GIVEN DATA:
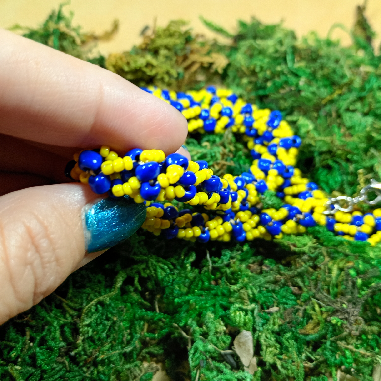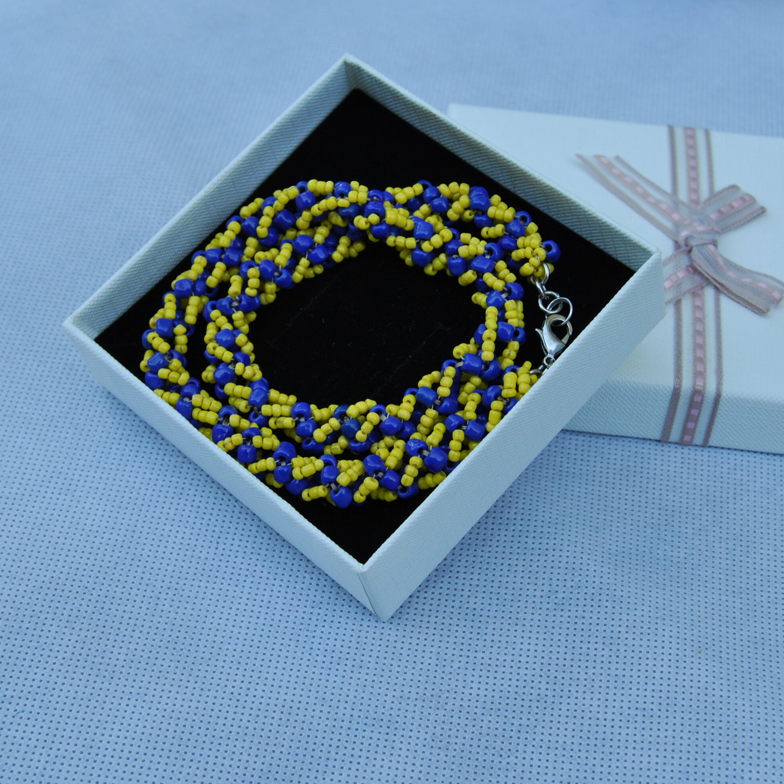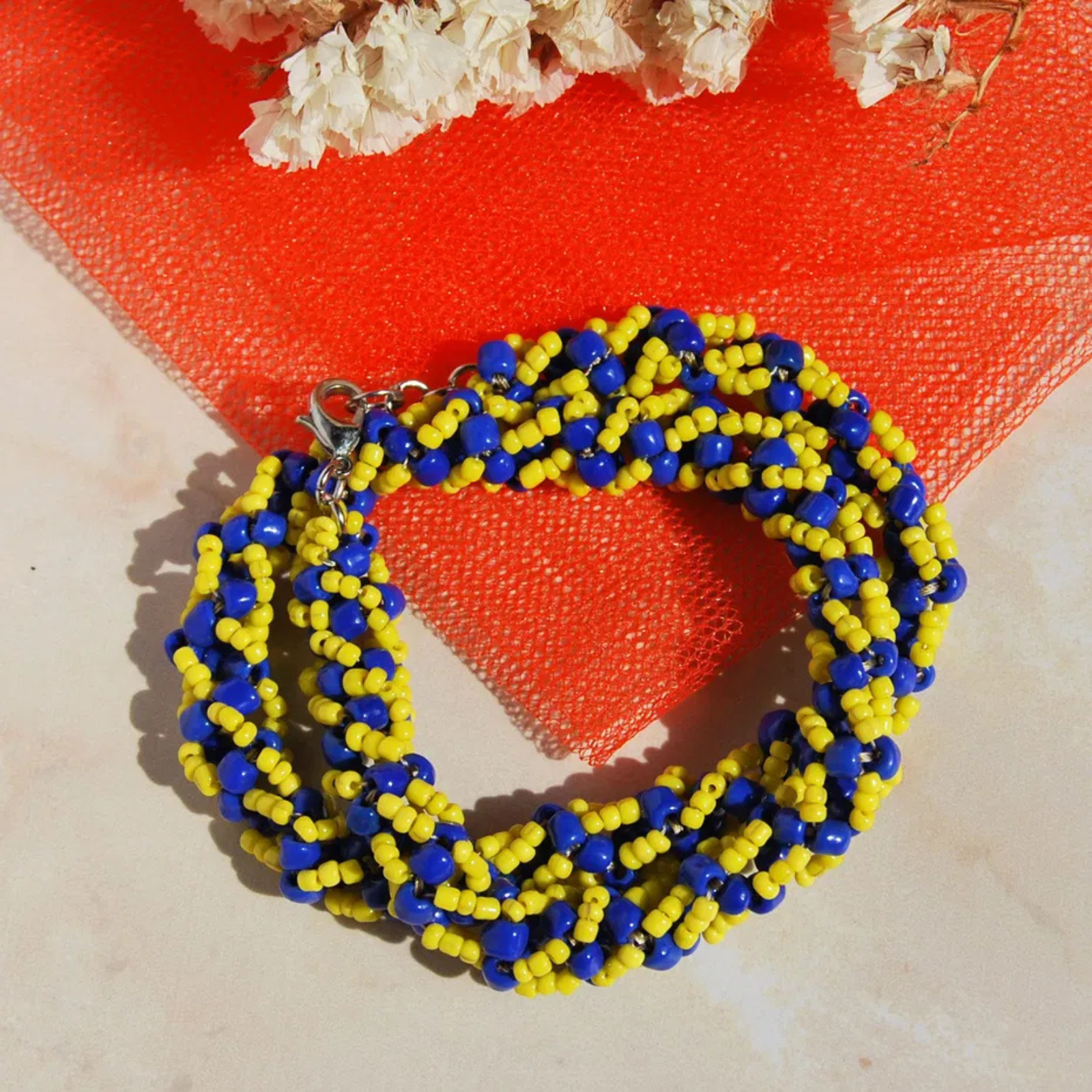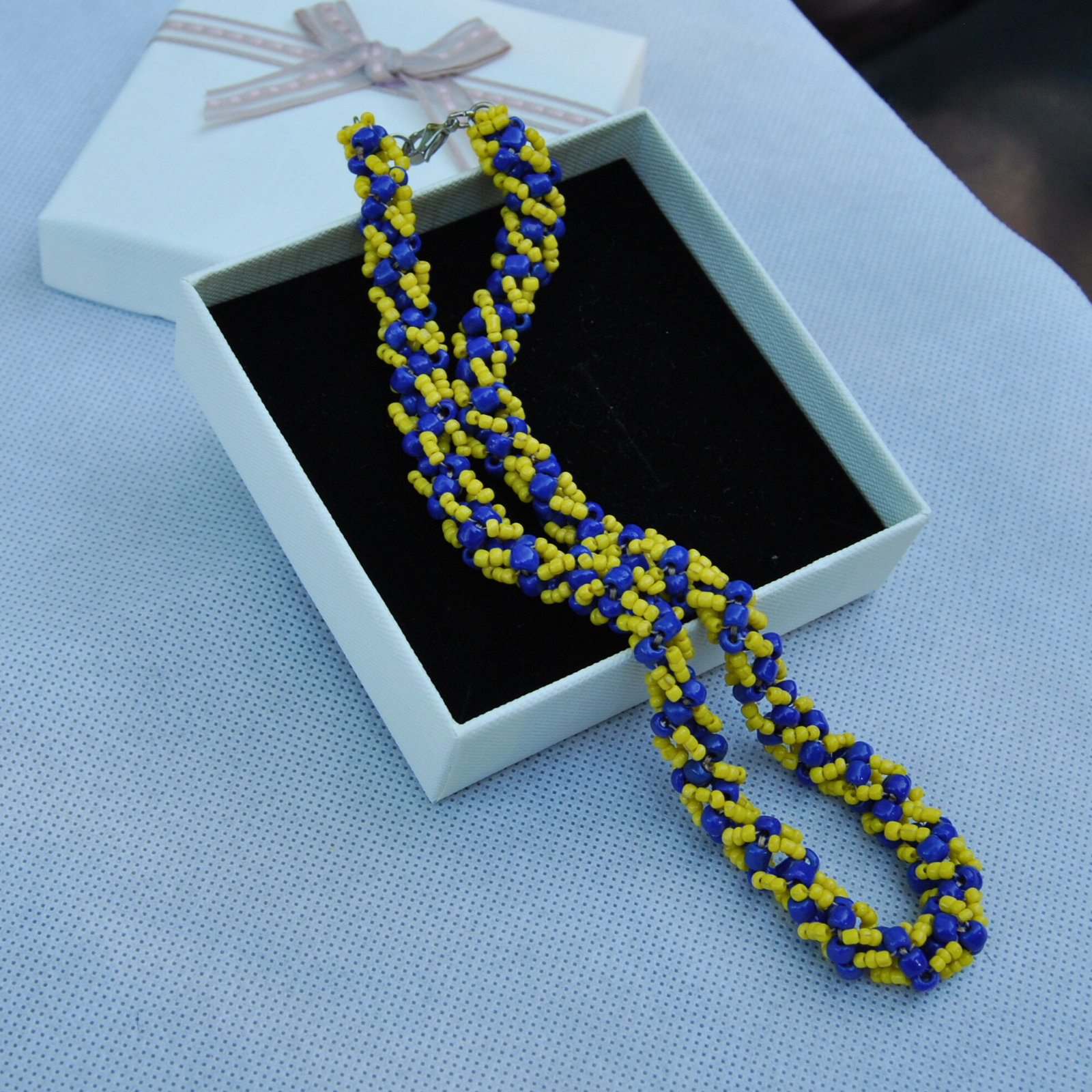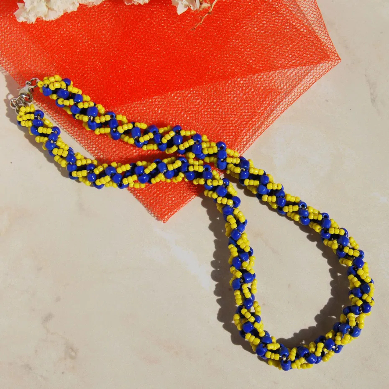Acest colier handmade este realizat printr-o tehnică minuțioasă de cusut în spirală, folosind mărgele de sticlă galbene și albastre de diferite dimensiuni. Fiecare detaliu este cusut manual cu grijă, formând un model elegant și vibrant, inspirat de energia soarelui și liniștea mării.
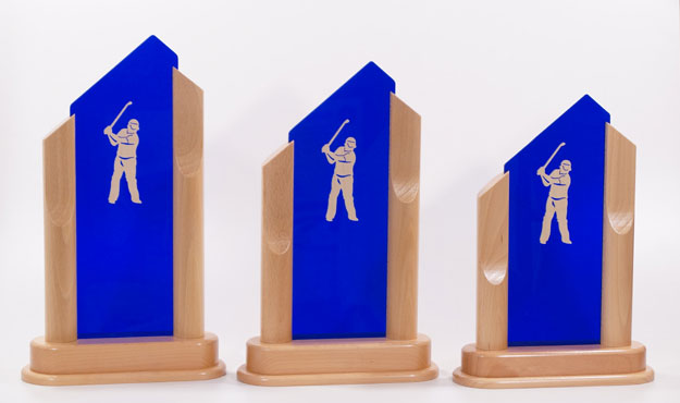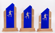 ovaler Sockel natur mit 2 Säulen, Sportsymbol Kegeln |
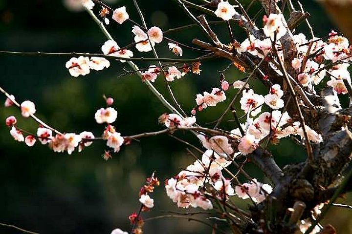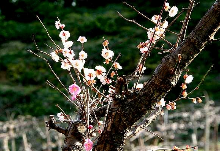 バラの花は、もともとは5枚の花弁なのですが、品種改良が盛んに行われ、多くの花弁をもつものがあります。 写真のウメも、花弁が多い種類です。 ウメは、枝が茂りやすく、まめに剪定をしないと、すぐにボサボサになってしまいます。 |

WHAT NEEDS TO BE DONE:
Needed here is a verbatim copy of the data from the first line through the line with "ovaler Sockel natur", without pictures.

ANSWER TO THE EXERCISE:
Acest colier handmade este realizat printr-o tehnică minuțioasă de cusut în spirală, folosind mărgele de sticlă galbene și albastre de diferite dimensiuni. Fiecare detaliu este cusut manual cu grijă, formând un model elegant și vibrant, inspirat de energia soarelui și liniștea mării.
 ovaler Sockel natur mit 2 Säulen, Sportsymbol Kegeln |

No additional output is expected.